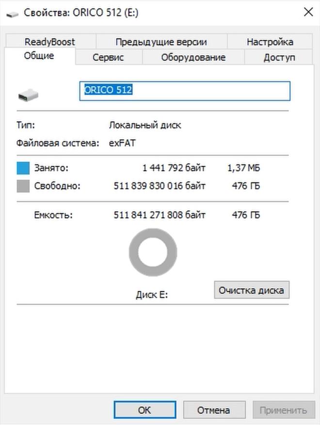 Для тестирования накопитель был подключён к USB-А‑порту компьютера версии USB 3.2 Gen 2, чтобы скорость передачи данных не ограничивалась интерфейсом. Проводник Windows показал объём 476 ГБ. Судя по отзывам на AliExpress, далеко не все пользователи понимают, как рассчитываются гигабайты, и иногда обвиняют продавца в мошенничестве. Производитель указывает объём данных в байтах — в нашем случае это 511 миллиардов байт. Чтобы перевести байты в килобайты, мегабайты, гигабайты или терабайты, нужно делить не на 1000, а на 1024. Это связано с тем, что в одном килобайте — 1024 байта (а не 1000, как в десятичной системе).
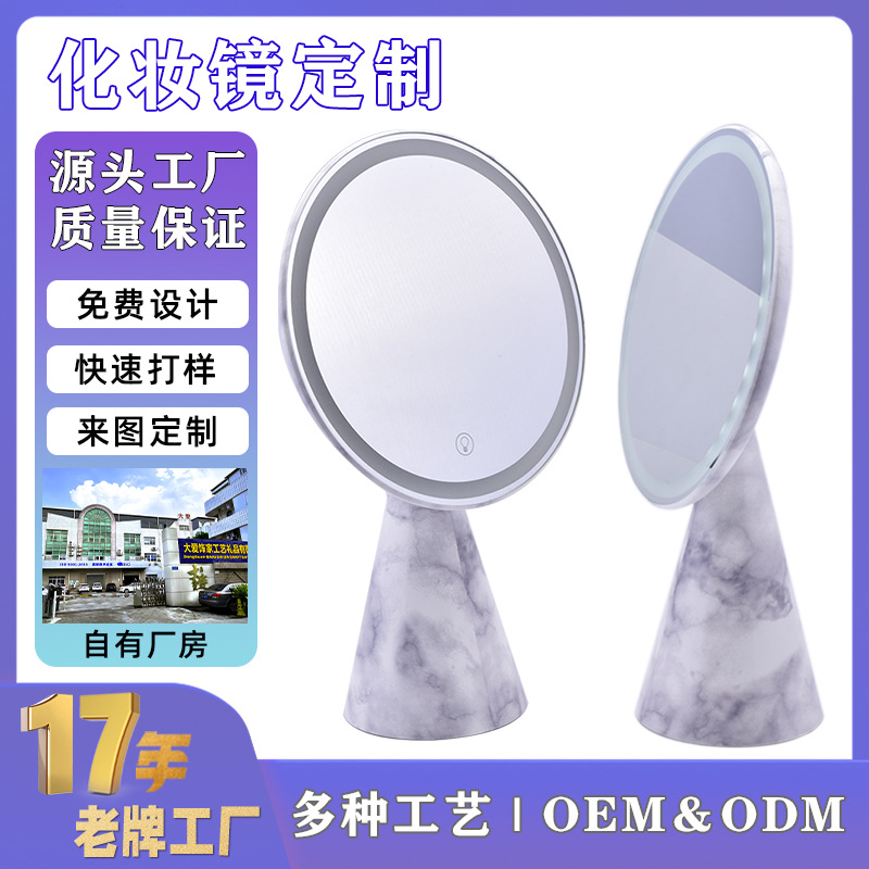 Kacamata Rias Marmer Gaya Eropa Oval dengan Lampu LED Meja Rias Rumah Kaca Gaya Instagram Logo Dapat Disesuaikan
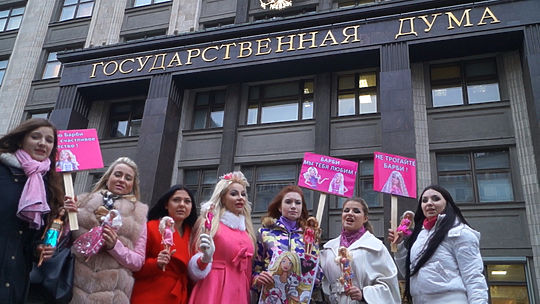 Девушки-фанатки знаменитой куклы собрались сегодня у ГД РФ, чтобы защитить любимую многими детьми барби. Активистки выкрикивали лозунги: "Не трогайте барби!", "Мир, труд, барби!", "Барби, мы тебя любим" и другие. Цель митинга - привлечь внимание общественности к законопроекту, согласно которому многие зарубежные игрушки, в том числе знаменитые куклы, будут сняты с продажи на территории РФ.
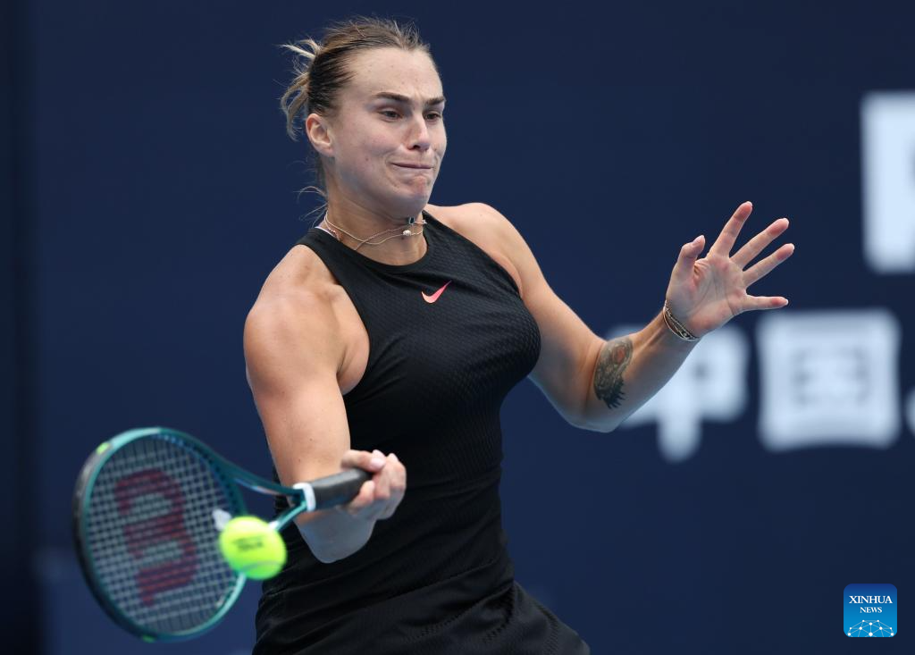 Aryna Sabalenka of Belarus hits a return during the women's singles third round match against Ashlyn Krueger of the United States at 2024 China Open tennis tournament in Beijing, capital of China, Sept. 30, 2024. (Xinhua/Zhang Chenlin)
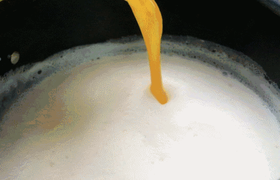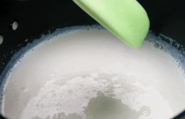 - 牛奶倒入锅中,中火加热到边缘微微冒气泡,加入小苏打迅速搅拌均匀。
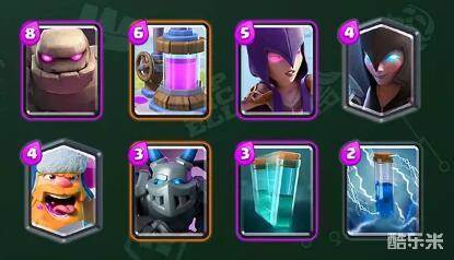 1.卡组进攻核心是地面推进霸主石头人,搭配双女巫作为后排,樵夫提供狂暴buff,一波有效的推进往往会让对手无法抵抗;
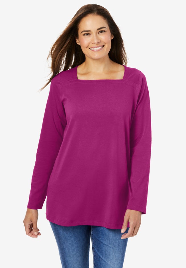 Part of our much-loved Perfect Tee collection, this long sleeve style has a unique square neck that frames the face and is a fun twist on an everyday tee. Grab it and go – it goes with everything in your closet!
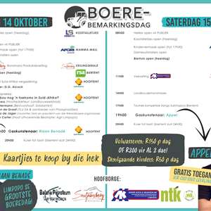 - Geleentheid om jou besigheid se banniere teen heinings van die Vivo Boerebemarkingsdag op te rig.
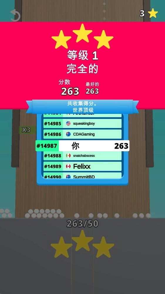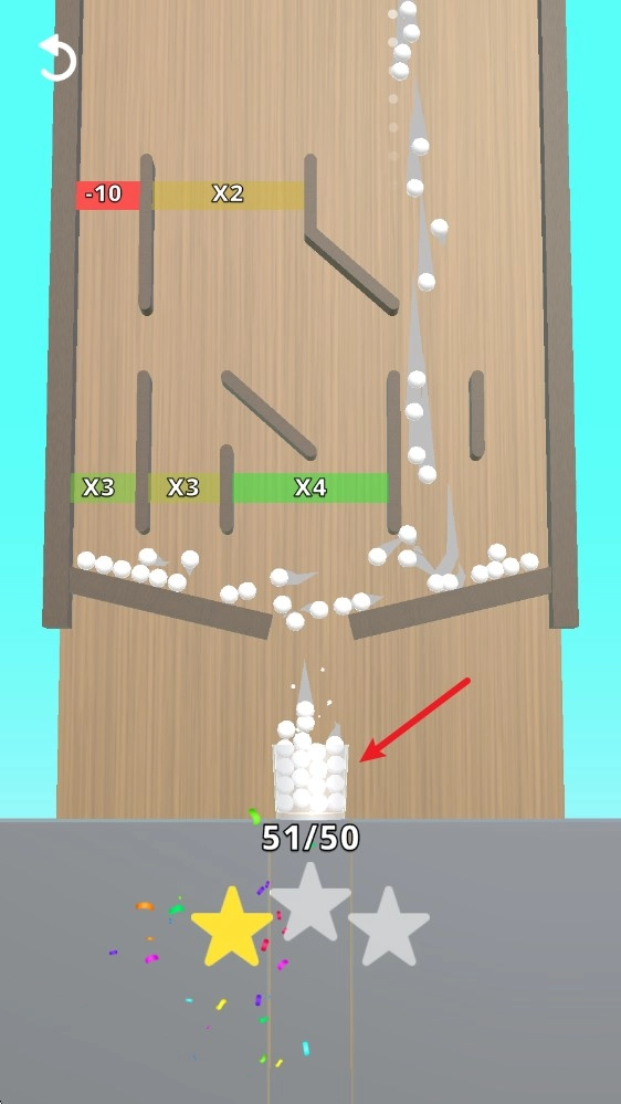 4、最后我们就能够看到下方的容器装下小球,并积累星星数。

What is needed - The required output is the line containing "1.卡组进攻核心是地面推进霸" plus every line after it to the end of the data, copied exactly and with no pictures.

Response for this exercise -
 1.卡组进攻核心是地面推进霸主石头人,搭配双女巫作为后排,樵夫提供狂暴buff,一波有效的推进往往会让对手无法抵抗;
 Part of our much-loved Perfect Tee collection, this long sleeve style has a unique square neck that frames the face and is a fun twist on an everyday tee. Grab it and go – it goes with everything in your closet!
 - Geleentheid om jou besigheid se banniere teen heinings van die Vivo Boerebemarkingsdag op te rig.
 4、最后我们就能够看到下方的容器装下小球,并积累星星数。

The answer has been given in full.